Instructions to follow:
Please repeat the data below exactly, with the pictures removed.

[Records from a data collection]
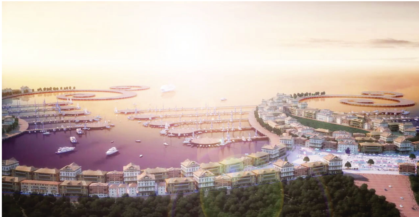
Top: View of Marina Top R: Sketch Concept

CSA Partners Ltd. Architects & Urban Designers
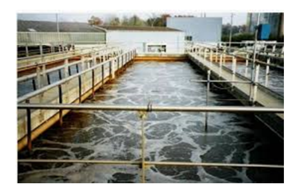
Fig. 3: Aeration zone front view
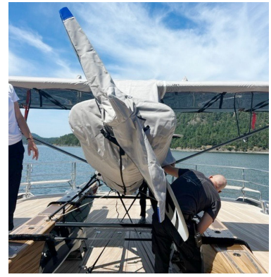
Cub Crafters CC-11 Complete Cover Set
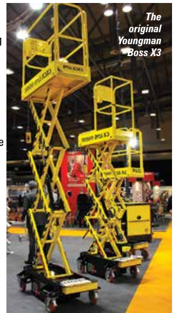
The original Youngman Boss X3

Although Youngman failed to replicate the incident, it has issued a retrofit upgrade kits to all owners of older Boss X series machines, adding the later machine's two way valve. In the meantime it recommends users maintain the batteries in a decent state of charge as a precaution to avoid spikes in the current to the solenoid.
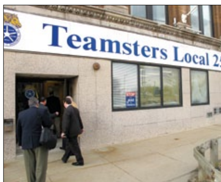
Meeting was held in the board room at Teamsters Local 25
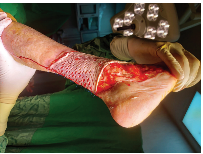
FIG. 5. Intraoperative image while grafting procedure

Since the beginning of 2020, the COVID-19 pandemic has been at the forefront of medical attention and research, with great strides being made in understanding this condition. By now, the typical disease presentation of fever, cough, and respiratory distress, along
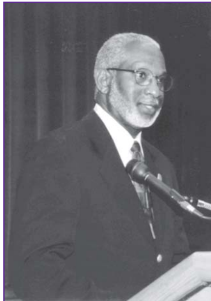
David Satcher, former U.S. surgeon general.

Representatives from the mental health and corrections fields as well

Task output:
Top: View of Marina Top R: Sketch Concept

CSA Partners Ltd. Architects & Urban Designers
Fig. 3: Aeration zone front view
Cub Crafters CC-11 Complete Cover Set
The original Youngman Boss X3

Although Youngman failed to replicate the incident, it has issued a retrofit upgrade kits to all owners of older Boss X series machines, adding the later machine's two way valve. In the meantime it recommends users maintain the batteries in a decent state of charge as a precaution to avoid spikes in the current to the solenoid.
Meeting was held in the board room at Teamsters Local 25
FIG. 5. Intraoperative image while grafting procedure

Since the beginning of 2020, the COVID-19 pandemic has been at the forefront of medical attention and research, with great strides being made in understanding this condition. By now, the typical disease presentation of fever, cough, and respiratory distress, along
David Satcher, former U.S. surgeon general.

Representatives from the mental health and corrections fields as well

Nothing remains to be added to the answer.